“Cómo poner mi confianza en Dios” – Apóstol Miguel Bogaert

Necesitamos dejar las distracciones, y cuando hablo de ello, me refiero a no desenfocarnos de lo que Dios quiere para nuestras vidas. Este mensaje es uno con los que Dios más puede bendecirte y trae un resultado que viene de la fe.

Necesitamos poner a Dios primero, por encima de aquello o aquel en quien confiemos.

Si yo confío en mi esposa, la pastora, mi confianza no puede estar en ella como la pastora humana, sino más bien, en quien Dios es en ella. Cuando no miramos las cosas desde este punto de vista, confiaremos en el hombre.

Yo voy a confiar en una persona conforme me demuestre es Dios en Él. Mi confianza no estará basada en lo que es esa persona, sino más bien en cómo Dios se mueve en ella. Es lo único que me dará seguridad y me dirá que mi confianza está en el lugar correcto. 

Esta confianza no significa que será 100% pero sí nos evitará muchos desaires y problemas.
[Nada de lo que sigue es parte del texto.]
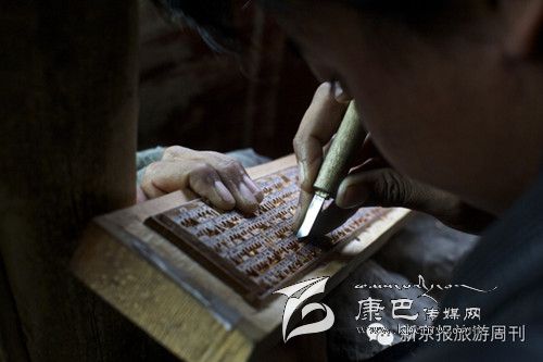 白玉縣,白玉寺,農牧民正在雕刻大藏經(jīng)印版。

Jeremías 17:5 (RV1960) “Así ha dicho Jehová: Maldito el varón que confía en el hombre, y pone carne por su brazo, y su corazón se aparta de Jehová. 6 Será como la retama en el desierto, y no verá cuando viene el bien, sino que morará en los sequedales en el desierto, en tierra despoblada y deshabitada. 7 Bendito el varón que confía en Jehová, y cuya confianza es Jehová”.

Confiar en el hombre acarrea maldición. Para Dios, el confiar en el hombre es algo terrible porque permite que se desate maldición sobre tu vida. La maldición trae sequedad espiritual y traerá cosas terribles a tu vida.
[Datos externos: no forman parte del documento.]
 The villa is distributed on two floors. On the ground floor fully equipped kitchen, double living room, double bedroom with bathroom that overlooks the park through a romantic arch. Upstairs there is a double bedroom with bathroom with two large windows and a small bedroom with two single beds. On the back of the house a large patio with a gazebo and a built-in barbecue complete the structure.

Cuando el hombre confía en el hombre sustituye a Dios, y lo hace en todos los sentidos. No nos permitirá ver que no estamos creciendo espiritualmente.

El que confía en el hombre, siempre vivirá en un desierto y en soledad. 
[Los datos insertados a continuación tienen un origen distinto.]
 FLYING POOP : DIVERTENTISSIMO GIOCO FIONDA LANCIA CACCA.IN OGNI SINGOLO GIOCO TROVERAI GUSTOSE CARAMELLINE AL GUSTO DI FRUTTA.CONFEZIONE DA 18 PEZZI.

Desde que comenzamos a confiar en el hombre, tenemos un problema, porque nuestras emociones están involucradas, y automáticamente lo hacemos, nuestra confianza es asignada a esa determinada persona o cosa, trabajo, ente otros.

En aquellos tiempos, muchos ponían su confianza en sus caballos, más Dios les dijo que Él era su fuerza, su escudo y su confianza.

Como creyentes, confiamos más en:

  1. Cosas naturales a través de los sentidos. Confiamos en lo que nuestros ojos naturales ven y en lo que nuestros oídos naturales oyen.
  2. Los hombres.
  3. En nosotros mismos. Hay muchos que confían más en ellos mismos que en Dios.

Todo lo que Dios es, es espíritu. A Él no podemos buscarlo a través de cosas naturales, tenemos que hacerlo en el espíritu.

Cuando busques personas que caminen en el espíritu, tendrás menos desaires y traiciones, también menos desenfoques y problemas. Cuando caminamos en el espíritu, caminamos con los valores de Dios y cuando caminamos en la carne, lo hacemos con los valores del hombre.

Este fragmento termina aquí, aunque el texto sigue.